Another thing that I learn is that NYC has addressed the talent shortage issues very well in recent years through importing foreign talents and offering undergraduate students part-time jobs in startups. Ziv also organized his virtual team whose team members come from different countries and whom he has never met in person. To make NYC a major innovation center, universities’ syllabus with focus on entrepreneurship is also essential. Students who are passionate about entrepreneurship are also given early coaching through many programs such as boot camp, business competition, etc.

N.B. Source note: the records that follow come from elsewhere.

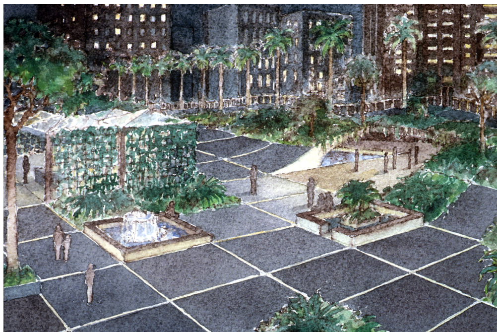
Figure 5. Watercolor by James Wines showing park activities at night with illuminated grid. (Image: Courtesy of SITE - James Wines Design.)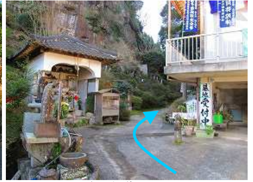
奥へ続く道へ入る。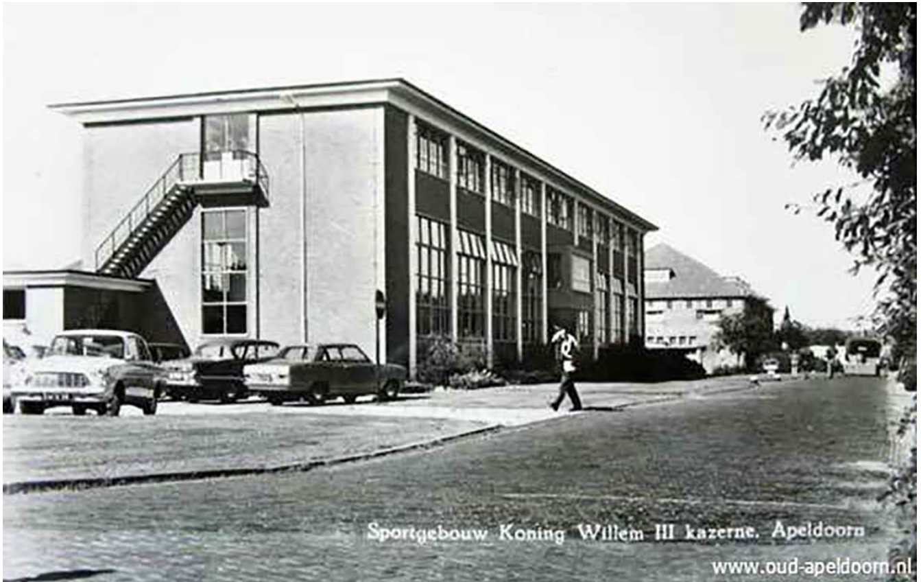
Gebouw 50 zoals het was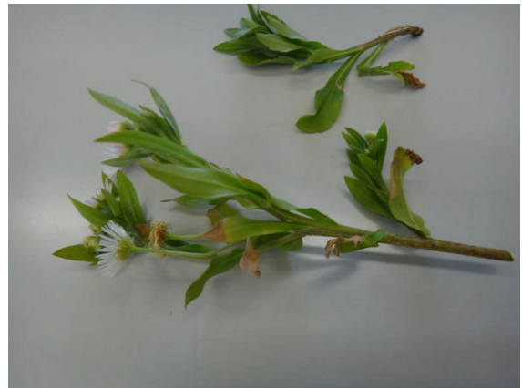
ヘラバヒメジョオン ヒメジョオンにくらべ、葉がへら状となり、鋸歯も目立たない。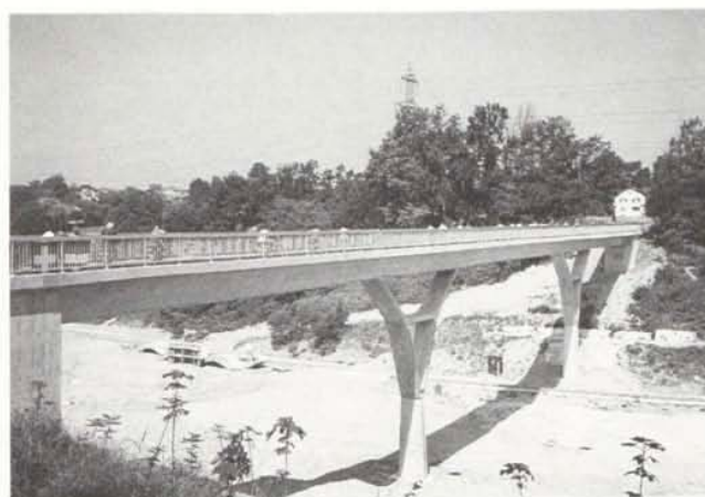
Passerelle «piétons et deux roues» du Bois-de-la-Grille

La passerelle dégage dans son ensemble une impression de légèreté. L'aspect est agrémenté par des lignes aux couleurs de la Commune de Vernier constituées par des carrelages collés sur la tranche des piles. Les culées sont situées dans des talus arborisés.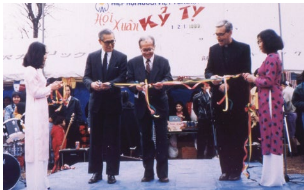
創立当時 新年交流会の開会式

父は生活の基盤を築き、1987年に母と私たちきょうだい6人を呼び寄せました。姫路定住促進センターに入所しましたが、言葉も習慣もわからず、私はずっと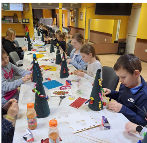
Warsztaty w Gminnym Ośrodku Kultury

Dzieci z terenu wszystkich sołectw naszej gminy wzięły udział w dniu 16 grudnia w świątecznych warsztatach plastycznych. Zajęcia odbywały się w Gminnym Ośrodku Kultury w Bestwinie, a także w świetlicy Domu Strażaka w Kaniowie. W trakcie zajęć pod kierunkiem instruktorek wykonywano rozmaite, oryginalne i pomysłowe ozdoby bożonarodzeniowe. W sumie uczestniczyło 60 młodych twórców.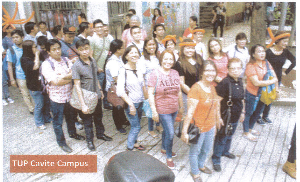
TUP Cavite Campus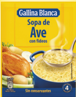
Sopa GALLINA BLANCA variedades, sobre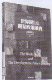
本間雅美 著 同文館出版 2008.3

筆者は2004年度にジョージタウン大学に留学の機会を得た。世銀本部ビルのドアを開けると、「我々の夢は貧困のない世界である」と刻まれた記念碑のプレートが目飛び込んでくる。本書は、世銀がグローバル化の挑戦に直面して生存理由が問われているなかで、政策改革の監督者としてではなく、国際公共財を貧困国に提供するパートナーとして、いかなる役割を果たすことが期待されているのかを探ることを強く意識して取りまとめたものである。留学中に、世銀の「構造調整融資」を「開発政策融資」に改名されたことと米国の新しい援助機関としてミレニアム・チャレンジ・アカウント(MCA)が設置さ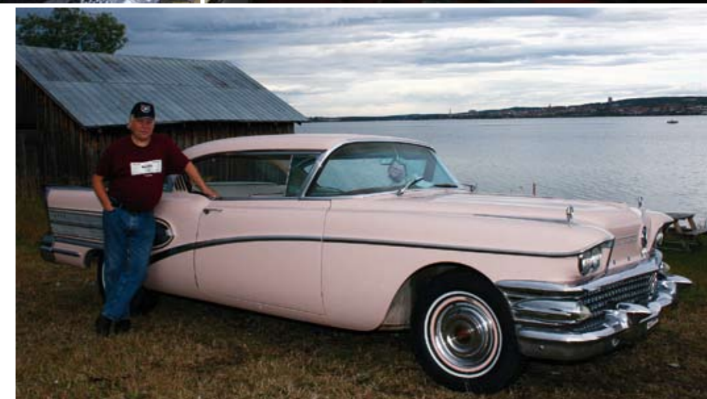
Formidabel Buick med skön stad som bakgrund.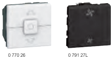
0 770 26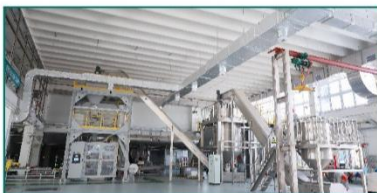
全球日产能最大草甘膦颗粒剂自动生产线投产

Finally, a true culture which supports and values entrepreneurship is prevalent everywhere in NYC. Incubators such as NYU Incubators Centre, NYU eLab, investors are very keen to listen to entrepreneurs’ ideas and provide adequate support such as affordable office space. Failures are also respected, not treated as something to discourage entrepreneurs. Communities are built so that different stakeholders can share their ideas openly: e.g. among partners of the CUSP program, among entrepreneurs within NYU Incubators (even though they might be potential competitors), etc. In order to build such culture, there are 3 important things that any city should consider: 1) hire consultant to design and help implement such plan; 2) have a clear mission, framework, and strategic decision form the top (city leaders, university boards); 3) hire experts such as Steve or Frank who can do the real work and share many practical experiences.
To conclude, the first week has now officially closed with many lessons and much excitement for me. I am more eager now to see what other things that I can learn in the next 2 weeks.